After we announced our decision to borrow from the trust funds, freeing the President from the threat of default as
pressure to reach an agreement, some of his opponents became even more upset. James Baker, one of my predecessors as Secretary of the Treasury, was cited in the press as saying that I could be held personally liable for the amounts borrowed from the trust funds. (I’d done well on Wall Street, but not well enough to keep the federal government running for more than a few seconds.) Bill Archer (R-TX), the chairman of the House Ways and Means Committee, said that I was provoking a “constitutional and legal crisis” and introduced a bill to stop me from using the trust funds. Congressman John Mica (R-FL) testified that our use of the trust funds’ cash made me a thief. Around that time, I remember Hillary telling me that she drew strength from seeing how I handled being vilified.

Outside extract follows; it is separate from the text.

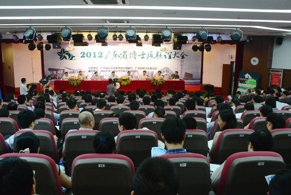 On October 25, the 2012 Meeting of Guangdong Postdoctoral Association was held in the Chinese Hall of SYSU. The meeting was jointly hosted by Department of Human Resources and Social Security of Guangdong Province and Guangdong Postdoctoral Association and organized by Sun Yat-sen University. The meeting is aimed at publicizing the achievements in science and technology innovation and serving for economic and social development made by postdoctoral researchers in Guangdong, encouraging academic exchange between them and promoting the sound and rapid development of Guangdong's postdoctoral cause. Xiao Zhiheng, Executive Vice Governor of Guangdong Province, Zheng Detao, Secretary of SYSU Party Committee, Ou Zhenzhi, Deputy Director of the Organization Department of the CPC Guangdong Provincial Committee and Director-General of the Department of Human Resources and Social Security of Guangdong Province, Liu Lianjun, Deputy Director of the Office of National Postdoctoral Administrative Committee, attended and addressed the meeting. Yang Shaosen, Deputy Secretary-General of Guangdong Provincial People's Government was also present at the activity. Postdoctoral fellows and staff from postdoctoral mobile stations at Sun Yat-sen University, South China University of Technology, Jinan University and other postdoctoral stations within Guangdong Province, representatives from the Bureau of Human Resources and Social Security of Guangzhou, Shenzhen and Foshan, a total of over 380 people participated in the meeting.

One morning, I woke up to a Robert Novak column in The Washington Post saying that Gingrich no longer “trusted” me and would not take my phone calls. Another report quoted Gerry Solomon (R-NY), the chairman of the House Rules Committee, as saying he was interested in trying to impeach me if I borrowed any more money. In a meeting I had on Capitol Hill, a Republican congressman mentioned talk about impeachment to my face. I was concerned about the totally unjustified attacks on my integrity, but in conversations with colleagues and friends—or even in off-the-record interviews—I treated it lightly, saying that Judy wanted me back in New York and that when she heard the threat of impeachment, she called to ask me how she could testify for them.
This harshness and personal vilification—which Washington too often resorts to when conflicts develop—can be hazardous to sensible choices. Decision makers can readily become excessively risk averse. In this environment, minor mistakes can have vast, distorting consequences. I was keenly aware that some insignificant, good-faith error that didn’t matter in any substantive way could derail our entire effort. The pursuit of fewer errors is sensible; the insistence on none at all, counterproductive. Unrelenting criticism of people in public service—and the same is true on Wall Street trading desks or in any business—may well reduce the frequency of mistakes. But it does so at a great cost—chilling the willingness of individuals to act and to take worthwhile risks.